タイ語原稿よりも英語のほうが分かりやすいという現実

 タイ語翻訳の仕事では、時として、同じ内容の英語版や内容が関連している英語の文書を参考資料として事前に渡されることがある。翻訳の仕事をしていない人は、どうしてタイ語翻訳なのに英語の参考資料なのかと思われるかもしれないが、タイ日の技術翻訳や実務翻訳の世界では、英語の語彙や概念が元になっているタイ語が多々あり、そういったタイ語の語彙をダイレクトに日本語に訳すわけにはいかないからである。そして、そういうタイ語は、タイ日や日タイの辞書はもちろん、オンライン辞書にもたいがいは載っていない(ついでに言うと、仮に載っていても何も調べずにその訳語を使うのは素人のやることであり、翻訳をやっている人間は辞書に載っている訳語を基本的に信じていない)。そうすると必然的にGoogleで検索することになるのだが、ウェブで検索したからといってそのタイ語の日本語訳が直接見つかるなどということはめったにない。というよりもそもそも日本語訳を見つけようなどと思って検索しているのではない。
 では何のために検索するのか。もちろん最終的にはそのタイ語の日本語訳を見つけるためなのだが、まず最初に探すのは、日本語訳ではなく、そのタイ語のおそらくは元になっているであろう英語なのである。これはタイ語翻訳の仕事をするようになって、正確には、翻訳の仕事でウェブ検索するようになって分かったことなのだが、日本語とタイ語を直結するサイトなどというのは非常に数が少ない。それが専門的な内容に関するサイトであればなおのことである。ところがこれが英語とタイ語ということになるとその数がかなり増える。そして、英語と日本語を直結するサイトとなるとこれはさらに数が多くなる。ということで、そのタイ語の元となる英語が分かれば、後はその英語の日本語訳を検索すればいい。このように、タイ語から日本語の翻訳と言っても、現実としては英語が介在しているのである。

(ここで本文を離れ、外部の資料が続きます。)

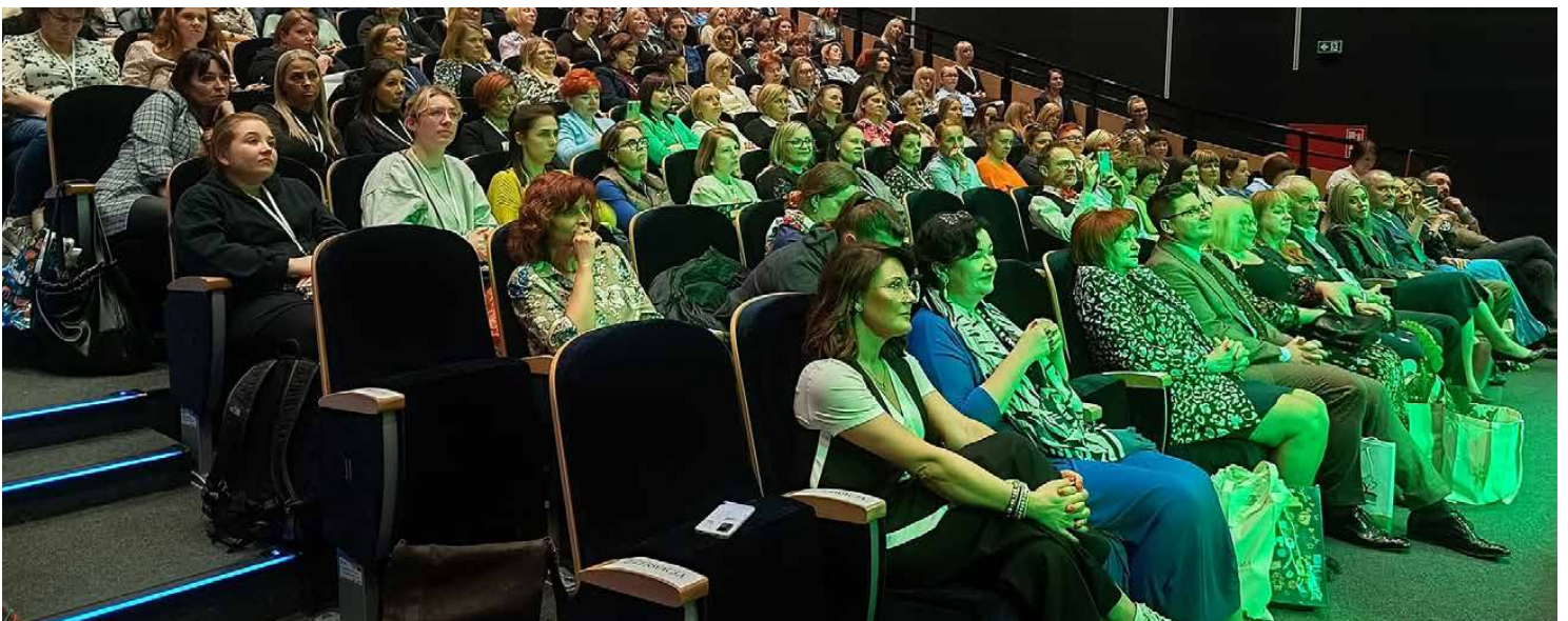
Na widowni zasiedli głównie nauczyciele
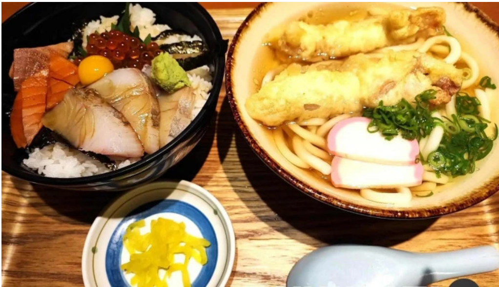
豆狸まめだ うどん
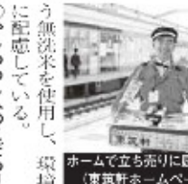
ホームで立ち売りに取り組む小間使

無洗米を使用し、環境に配慮している。 立ち売りへのこだわり 一期一会の出会いを大切に 折尾駅のホームでは現在も販売が行われていて、全国でも数少ないため、それを目当てに訪れる人も多く、古き良き時代の情景を残している。
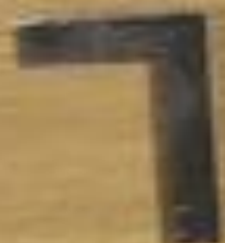
Label for the L-shaped tool.
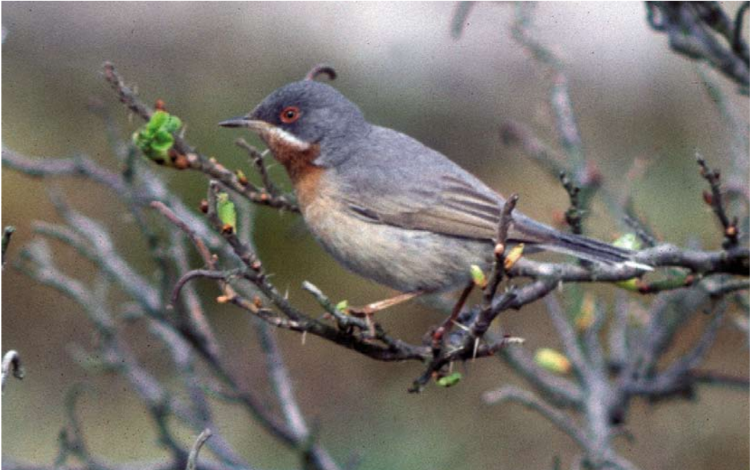
523 Balkanbaardgrasmus / Eastern Subalpine Warbler Sylvia cantillans , tweede-kalenderjaar mannetje, Groet, Noord-Holland, 7 mei 1986 ( Arnoud B van den Berg )
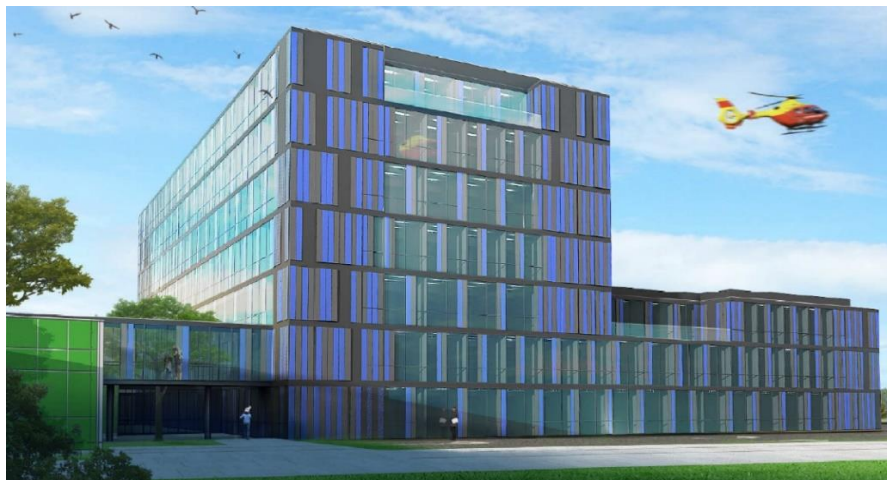
Rycina 3: Wizualizacja budynku UCP – widok 2

 タイ日翻訳にはそういう事情があるので、時として英語の参考資料が事前に渡されるわけだが、もちろんその英語の資料を全部読むなどということはない。必要がある時だけまさに「参考」に目を通すだけである。そもそもそんなものを全部読もうとしたら、今の私の英語力では、肝心の翻訳作業の時間がなくなってしまう。だが、そんな私であっても時にはその英語資料をかなりちゃんと読まないといけない場合がある。タイ語原文の文章が分かりにくい(つまり、その文章構造が極めて不明確な)場合である。そして、そんな時に英語の資料を読むと、信じられないことだが、タイ語原文なんかよりずっと分かりやすい場合がある。読解力で言えば、タイ語のほうが英語よりもかなり高いはずなのにである。

 こんな文章に遭遇してしまうと、正直言って翻訳したくなくなる。そのタイ語原文がおそらく英語から翻訳したものだと分かるからである。そして、英語から翻訳したことが分かるようなタイ語というのは、たいがい質の低い翻訳文なのである。こういう文章の翻訳は本当に気分が重い。重いだけでなく気分が悪い。文章そのものが不明確なので、タイ語の文法を拠り所にして文章を読み解くことが難しいからだ。そうするとどうしても文脈から判断しなければならなくなるのだが、こういう作業は精神的にも肉体的にも相当の負荷がかかる。しかも、どうして自分がこんな理不尽な苦労をしなければならないのかという思いが募るのでストレスもたまる。そして、だからこそ「タイ語翻訳には英語が必要」なのである。こういう文章はある意味タイ語であってタイ語ではないようなところがあるので、極端な話、タイ語の文法よりも英語の文法を拠り所にしなければならなくなるからだ。

 正直こういう仕事はできればやりたくないし、私にはやらない(引き受けない)という選択肢もある。だが、現実にはそれはなかなか難しい。こういう仕事をすべて断っていたら、その代わりに他の仕事をしてお金を稼がなければならなくなるからだ。だから現実問題としてそれに対処しようと思えば、どうしても英語が必要になる。結局はそこに行き着いてしまうのである。